On Sunday, March 15, the Katonah Poetry Series and Katonah Village Library are honored to present award-winning poet Iain Haley Pollock. A Westchester neighbor, Pollock writes with unflinching honesty about race, fatherhood, and what it means to live in a Black body in America. As Shara McCallum writes, "Fed by the past, pitched toward the future, Pollock's voice is one of abiding conscience."
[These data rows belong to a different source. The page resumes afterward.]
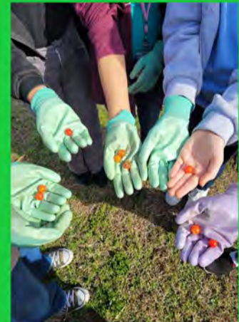
STEM Environmental Students enjoy their bounty!

★ FELLOWSHIP OF CHRISTIAN ATHLETES CLUB ★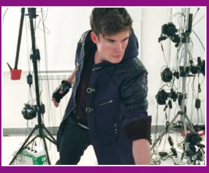
Scanning a British model in pursuit of photorealism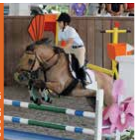
OCT 26 - 27 Riding - Autumn Jumping Festival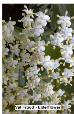
Val Froid - Elderflower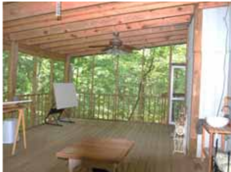
MLS 1302421 - 621 Dogwood Dr., Clifftops. $165,000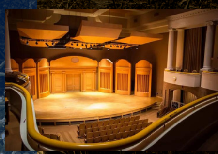
Falany Performing Arts Center

Renowned, intimate venue at Falany Performing Arts Center, Reinhardt Campus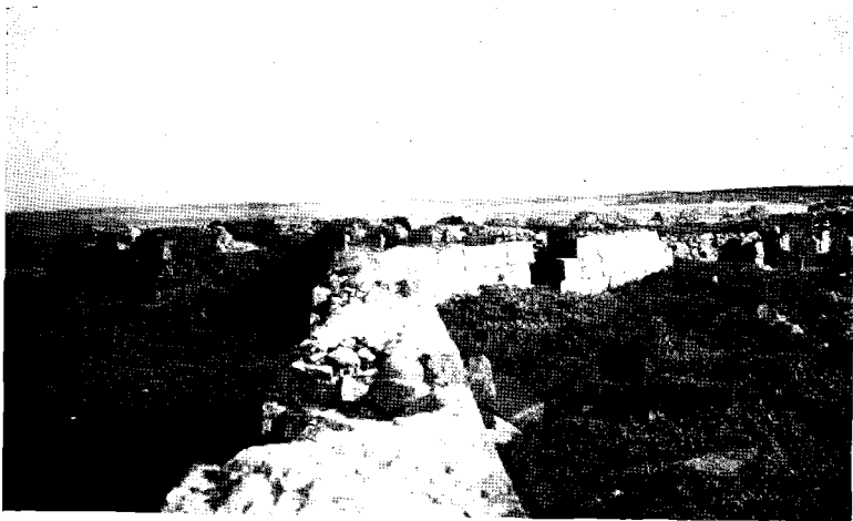
Fort Prince of Wales, Churchill, Man. View along the top of the walls (Photo., J. A. Campbell).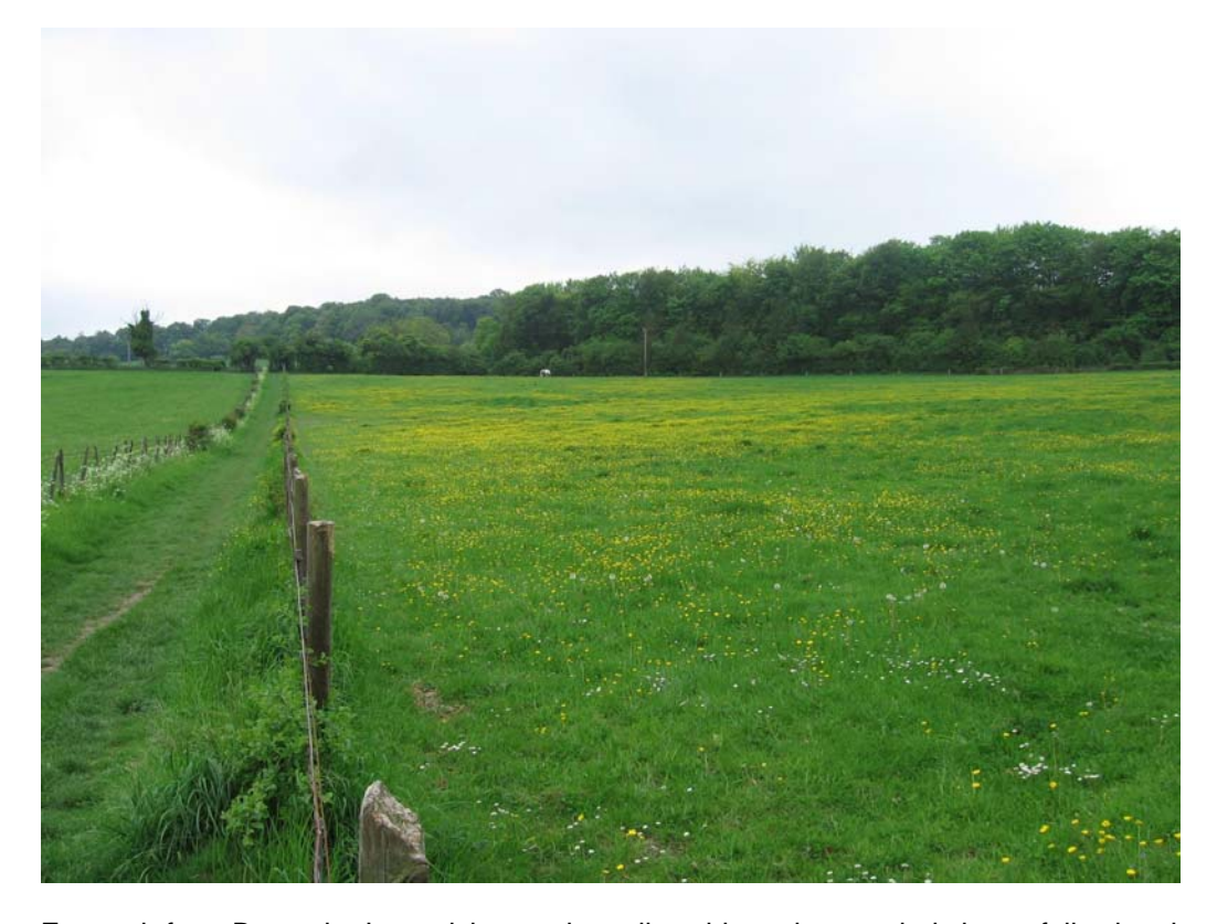
Footpath from Bacombe Lane rising up the valley side to the wooded slopes following the valley crest.

"The traumas of racial prejudice are met with poise and thoughtfulness, even humor... [Pollock] moves nimbly from Michael Jackson's lyrics to American lynchings, from quarterbacks to police brutality." —Ron Charles, The Washington Post
"A gifted storyteller... an unflinchingly honest portrait of a mixed-race Black man, a father and teacher in contemporary America." —Shara McCallum
"A shapeshifter that keeps saying, in so many different ways, how varied, how complex the African-American poetic idiom is, how complex the American poetic idiom is." —Jake Adam York
Iain Haley Pollock is the author of three poetry collections: All the Possible Bodies (Alice James Books, 2025), Ghost, Like a Place (2018), which was nominated for an NAACP Image Award, and Spit Back a Boy (2011), winner of the Cave Canem Poetry Prize, selected by Elizabeth Alexander. His poems have appeared in American Poetry Review, The New York Times Magazine, The Progressive, and Kenyon Review. He has received the Alice Fay di Castagnola Award from the Poetry Society of America and a NYSCA/NYFA Artist Fellowship in Poetry. A graduate of Haverford College, Pollock directs the MFA Program in Creative Writing at Manhattanville College and edits the literary journal Inkwell. He lives in Westchester County.
The reading will begin at 4:00 p.m. at the Katonah Village Library, 26 Bedford Rd, Katonah, NY 10536, and will be followed by a brief Q & A.